In both AS2k and AS2k5, what you would do is to set up your products table with a column for each attribute.
eg
ID, Product, Manufacturer, Sugar Content, Color 1, Pepsi Max, Pepsi, Sugar Free, Black
Then in AS2k you would create member properties for each of these attributes. From these member properties you can then create virtual dimensions. AS2k cannot create aggregations of virtual dimension so it will have to aggregate at runtime, which is where you may take a performance hit.
If you have a natural hierarchy you should set these up as levels as these will benefit from the native aggregation abilities of AS. eg. you might be able to setup a Manufacturer > Sugar Content > Product hierarchy that will also aid users in navigating around.
Alternatively you could create multiple views off this products table and create multiple real dimensions off the one product table, but here again performance will suffer as the more dimensions there are in a cube, the more complicated the aggregation designs become, reducing their effectiveness.
In AS2k5 attributes are first class properties of the dimension and appear natively as a single level hierarchy. You then have the option of combining them into other native hierarchies as you see fit.
HTH
 Signature Regards Darren Gosbell [MCSD] <dgosbell_at_yahoo_dot_com> Blog: http://www.geekswithblogs.net/darrengosbell
Ray - 13 Oct 2005 17:53 GMT Thank you for the suggestion - it makes a lot of sense, and I wish we could use the approach of adding columns/attributes to describe the product. Unfortunately, the groupings are defined by the customer -- and we simply don't know how they may decide to group the products -- there are just too many possibilities. The product dimension is the list of ALL products that are sold -- it could be a food item, beverage, or even retail store items. There are a number of natural hierarchy's we have built in, but we also want to support arbitrary user defined groups.
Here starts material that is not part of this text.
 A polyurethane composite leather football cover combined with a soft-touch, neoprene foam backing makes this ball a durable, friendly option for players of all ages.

In many ways, the groupings can be thought of as filters when performing (e.g. Sales) analysis. Imagine the scenario where there are 10-100K of products, and maybe 1000 different groups. A product can belong to more than one group.
I can think of a few solutions to implement the above: 1) Duplicate the datamart / star schema so that a transaction is duplicated to each group the product belongs to. This way, aggregation/rollups are faster.
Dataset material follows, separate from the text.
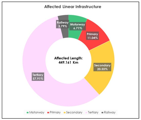 It is important to note that the GHS raster layer was converted to vector polygon format for the calculations. The Microsoft Bing ML Global building footprints were edited, excluding footprints with areas less than 15 m2, which were filtered out because they mostly represent small structures or are falsely classified as buildings. Also, structures classified as buildings, including greenhouses and solar panels, were removed after visual checking to improve the accuracy of the results. In its final form, this dataset includes the affected houses, buildings, and structures; warehouses; barns; and stables that are considered building footprints. For the linear infrastructure, the polyline vectors were used based on the category and type of the infrastructure. To accurately represent reality, buffers were created to intersect with the flooded area and estimate the affected road and railway length. More analytically, in the case of railways, which are standard gauge (1.435 m) [87] in the AOI, the buffer has an estimated width of 3 m, while for the road network, after advising the Road Works Design Directives of Greece (RWDD) [88] and basemap measurements, the buffers were set: (a) motorways 16 m (8 m per direction), (b) primary 8 m (4 per lane), (c) secondary 7 m (3.5 per lane), and (d) tertiary 6 m (3 m per lane).

2) Create a bridge table (many-to-many) relationship -- and use it as a filter to perform ad-hoc aggregation.
If anyone has more suggestions or thoughts, it would be very much appreciated.
Thank you, Ray
> Sounds like what you have here are attributes of the dimension members. > AS2k5 handles attributes REALLY well. In AS2k the story is not as good, [quoted text clipped - 30 lines] > > HTH Darren Gosbell - 14 Oct 2005 02:13 GMT It sounds like you are heading towards building a bridge table with attributes and values in it.
eg.
Product, Attribute, Value =========================== Pepsi Max, Manufacturer, Pepsi Pepsi Max, Category, Drinks Pepsi Max, Sugar Content, None
In this case Deepak's suggestion of looking at the many-to-many dimension feature in AS2k5 is probably the best way to go.
But, just to play Devil's advocate....
I may be wrong (it would not be the first time <grin>) and it may just be the simplistic examples we are using, but it still *feels* to me that we are dealing with attributes here, not a true many-to-many dimension.
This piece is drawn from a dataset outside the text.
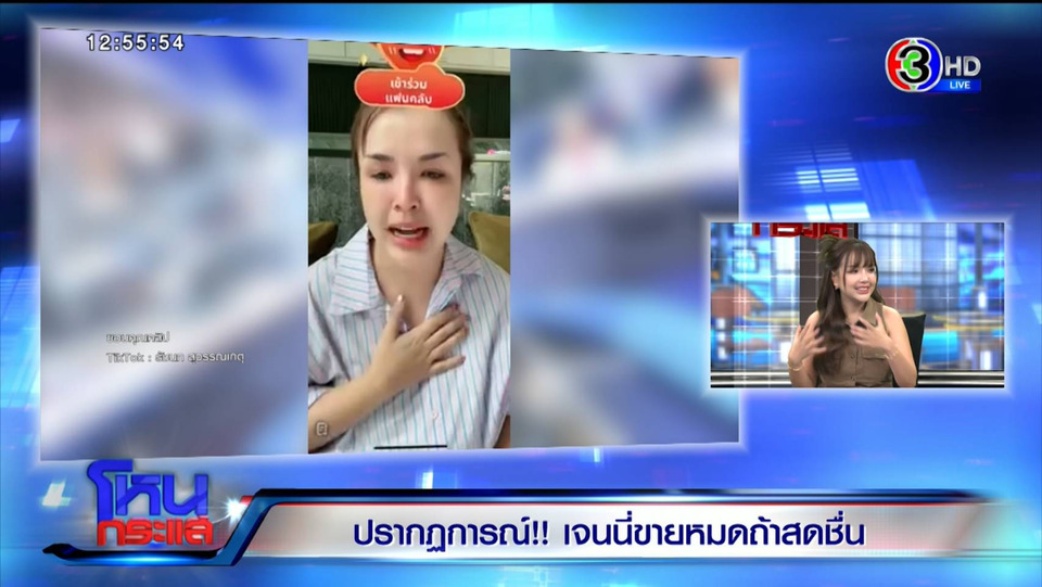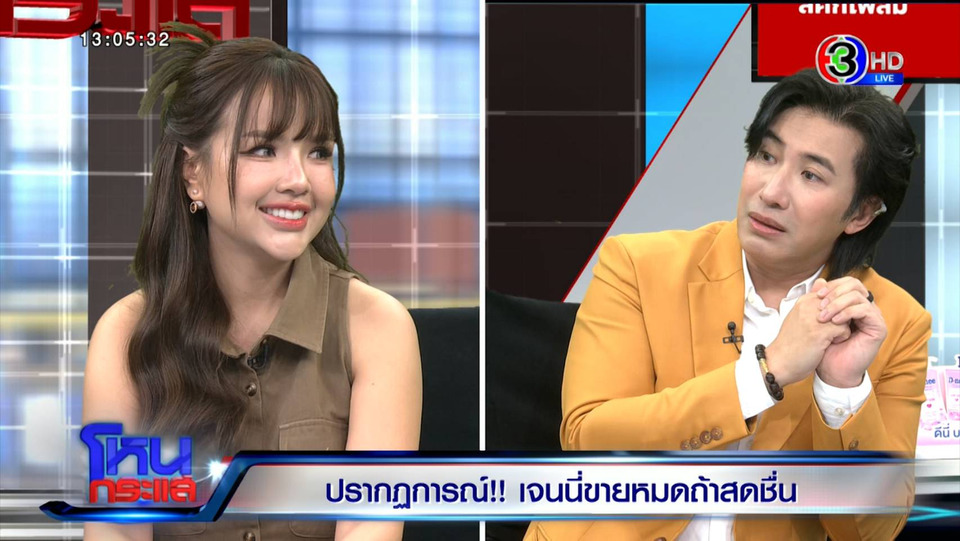รายการ โหนกระแส วันที่ 13 ต.ค. ดำเนินรายการโดย “หนุ่ม กรรชัย กำเนิดพลอย” ผลิตในนามบริษัท ดีคืนดีวัน จำกัด ออกอากาศทุกวันจันทร์-ศุกร์ เวลา 12.35 น. ทางช่อง 3 กดหมาย เลข 33 สัมภาษณ์ “เจนนี่ ได้หมดถ้าสดชื่น” ผู้สร้างปรากฏการณ์ขายในรูปแบบใหม่ แค่ 2 วัน ฟันไปแล้ว 100 ล้าน พร้อมเคลียร์สารพัดดราม่า โดยบางช่วงบางตอน พิธีกร หนุ่ม กรรชัย ถาม เจนนี้ ได้หมดถ้าสดชื่น ว่า...

Below is a VERY simplistic example of what I would call a true many-to- many dimension and it may well be that this is what you have. If so you can ignore the rest of what I am about to say. If not, then I suspect that it's not that your end user *needs* ad-hoc groupings, it just that they are not yet sure what their requirements are. This is not uncommon and I would suspect that over time the attributes would stabilize and at that point you could probably re-visit the architecture and normalise some or all of the attributes into the product table, which I suspect would give a noticeable performance benefit.
This is all conjecture of course as AS2k5 has not been released yet, but I would be very surprised if multiple attributes did not out perform a single many to many relationship.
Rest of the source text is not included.